__YOUR ASSIGNMENT__. Exactly the lines below, starting with the one containing "Τα πρώτα μόνιμα" and going on through the one containing "1月15日,记者从广州住房公", must be reproduced, both ends included, and no pictures with them.

__GIVEN DATA__.
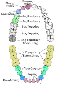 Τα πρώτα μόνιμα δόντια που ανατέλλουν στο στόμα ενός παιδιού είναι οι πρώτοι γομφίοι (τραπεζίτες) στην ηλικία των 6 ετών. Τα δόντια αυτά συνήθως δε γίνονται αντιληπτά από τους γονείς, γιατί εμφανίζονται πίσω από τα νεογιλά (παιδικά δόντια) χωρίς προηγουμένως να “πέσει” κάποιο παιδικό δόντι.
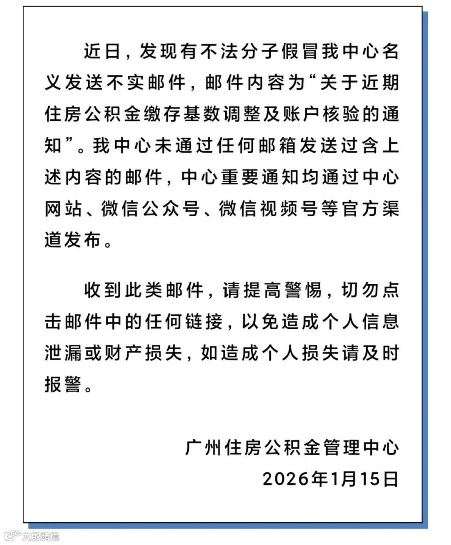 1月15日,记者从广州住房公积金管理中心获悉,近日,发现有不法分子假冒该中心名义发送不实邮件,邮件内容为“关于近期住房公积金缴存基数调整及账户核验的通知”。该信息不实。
==
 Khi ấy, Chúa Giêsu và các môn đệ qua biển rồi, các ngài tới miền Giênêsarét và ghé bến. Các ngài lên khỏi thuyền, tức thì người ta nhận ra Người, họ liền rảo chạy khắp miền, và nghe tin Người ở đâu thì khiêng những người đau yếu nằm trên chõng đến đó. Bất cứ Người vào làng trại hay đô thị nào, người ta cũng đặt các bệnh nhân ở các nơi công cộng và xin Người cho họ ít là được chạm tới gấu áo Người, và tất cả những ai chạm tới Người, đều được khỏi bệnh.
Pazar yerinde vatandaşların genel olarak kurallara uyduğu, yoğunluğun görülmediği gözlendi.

__ANSWER SPACE__.
 Τα πρώτα μόνιμα δόντια που ανατέλλουν στο στόμα ενός παιδιού είναι οι πρώτοι γομφίοι (τραπεζίτες) στην ηλικία των 6 ετών. Τα δόντια αυτά συνήθως δε γίνονται αντιληπτά από τους γονείς, γιατί εμφανίζονται πίσω από τα νεογιλά (παιδικά δόντια) χωρίς προηγουμένως να “πέσει” κάποιο παιδικό δόντι.
 1月15日,记者从广州住房公积金管理中心获悉,近日,发现有不法分子假冒该中心名义发送不实邮件,邮件内容为“关于近期住房公积金缴存基数调整及账户核验的通知”。该信息不实。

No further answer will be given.